After the LongMemEval experiments in February, I’ve been hungry to find a better benchmark that will actually showcase the power of recursive language models (RLMs) on useful tasks. LongCoT is exactly that: a benchmark built to stress-test long-horizon reasoning.

As soon as I saw the benchmark, I aimed DSPy.RLM at it. (Even before reading the paper.)

The setup

  • Model: claude-sonnet-4-5 for both conditions. Same max_tokens=64000, same judge models, same prompts.
  • RLM: stock dspy.RLM 3.1.3, max_iterations=50, default Pyodide REPL, sub_lm=lm.
  • Vanilla: raw Anthropic SDK, single user message, no tools. Leaderboard shape.
  • Dataset: LongCoT-Mini, all 500 questions (easy slices across logic / cs / chemistry / chess / math).

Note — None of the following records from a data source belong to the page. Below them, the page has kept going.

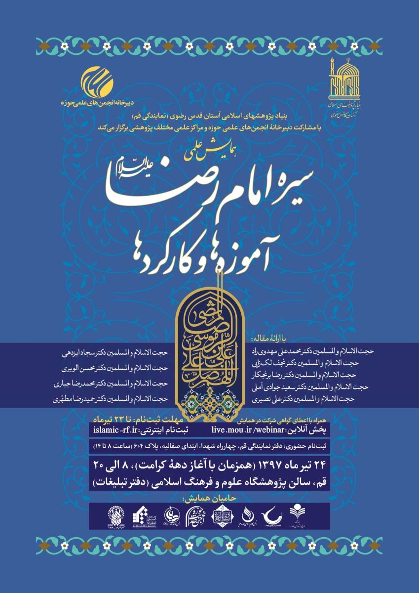 همایش علمی «سیرۀ امام رضا (علیه السلام)؛ آموزهها و کارکردها»، 24 تير ماه 1397، ساعت 8 الي 20 در سالن پژوهشگاه علوم و فرهنگ اسلامي (دفتر تبليغات) شهر قم برگزار خواهد شد. این همایش از حمایت: آستان مقدس حضرت فاطمه معصومه (سلام الله علیها)، جامعه المصطفی المفتوحه، انجمن مطالعات سياسي حوزه، انجمن علمی تبلیغ و ارتباطات حوزه علمیه، انجمن حدیث حوزه علمیه، انجمن تاریخ پژوهشان، پژوهشكده تاريخ و سيرۀ اهل بیت (علیهم السلام) برخوردار خواهد بود.
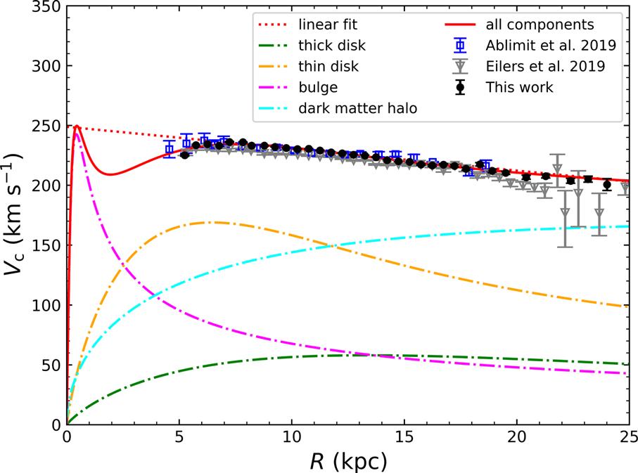 中国科学院大学黄样博士等人所在的研究团队在2023年3月发表一篇论文[29],论文中绘制了距离银河系中心1.6万光年至8.1万光年范围内的银河系旋转曲线,成为目前该范围内最精确的银河系旋转曲线.相关的银河系的星系旋转曲线如下图所示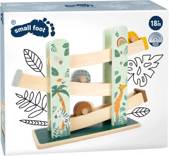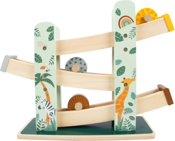 This beautiful wooden track offers children the opportunity to watch as three wheels, each with a unique design, roll down the three ramps. It is decorated with illustrations of animals living on safari and plants from the jungle.

The entire RLM surface area is one dspy Signature:

class LongCoTSolve(dspy.Signature):
    """Solve a LongCoT problem.

    The `prompt` already contains the full problem statement and the answer
    format requirement (always ends with `solution = ...`). Reason through
    the problem with the available REPL, then return the final response —
    which MUST contain the literal `solution = ...` line as instructed.
    """

    prompt: str = dspy.InputField(desc="Full LongCoT problem prompt with answer-format instructions")
    response: str = dspy.OutputField(desc="Full final response containing the required `solution = ...` line")

The headline

Vanilla RLM
Correct 13 / 500 227 / 500
Accuracy 2.6% 45.4%
Captured cost $31 $621

On the full 500-row overlap: 219 wrong→right flips, 5 right→wrong, 268 both-wrong, 8 both-right. The vanilla 2.6% lines up with the published Sonnet 4.5 Mini number, so the control is calibrated, not sandbagged.

Per-task

Task RLM Vanilla
Dungeon · Packaging · Hanoi · Wizards · TrapezoidCounting · Sudoku 15/15 each (💯) 0/15 each
BlocksWorld 9/10 0/10
Sokoban 7/10 0/10
Chess 85/100 0/100
Chemistry 31/100 13/100
cs / DistMem 4/25 0/25
cs / MaxFlow-MinCut + Hindley-Milner 0/75 0/75
math 6/95 0/95

The pattern is coherent: RLM crushes anything whose dependency structure externalises cleanly to code. The orchestrator writes a short Python program, the REPL runs it, the answer comes out. Logic puzzles, Hanoi, Sudoku, chess with Pyodide’s chess module — all 💯 or near it.

The walls are the opposite picture. Hindley-Milner and MaxFlow-MinCut go 0/75 because the orchestrator can’t find a decomposition where subproblems can be usefully farmed out — exactly the “graph-structured dependencies” failure the paper calls out.

And math? The paper’s wall holds at least for now, for Sonnet 4.5. 6/95 on Mini isn’t zero, but it’s terrible. Sonnet 4.5 × dspy.RLM replicates the paper’s math result on a different model and split.

What I think this means for the paper

The paper’s RLM discussion is genuinely thin — one paragraph, one figure, no dedicated table. With that as the bar, cross-model replication is useful:

  • Logic, chess, CS wins: replicate and amplify. Same shape on a different frontier model.
  • Math stays at zero: maybe? Model swap doesn’t rescue it. But it’s also from a baseline of 6 so you can argue it’s either modest or infinite improvement.
  • Chemistry lifts modestly (13 → 31), which is the only spot where I’d push back on the paper’s phrasing — but I’m both a chemist and RLM addict.

P.S. - RLMs are expensive, and supposedly the 500-problem mini version is the easy subset of the full 2500-problem set. So…who wants to fund the Opus 4.7 run?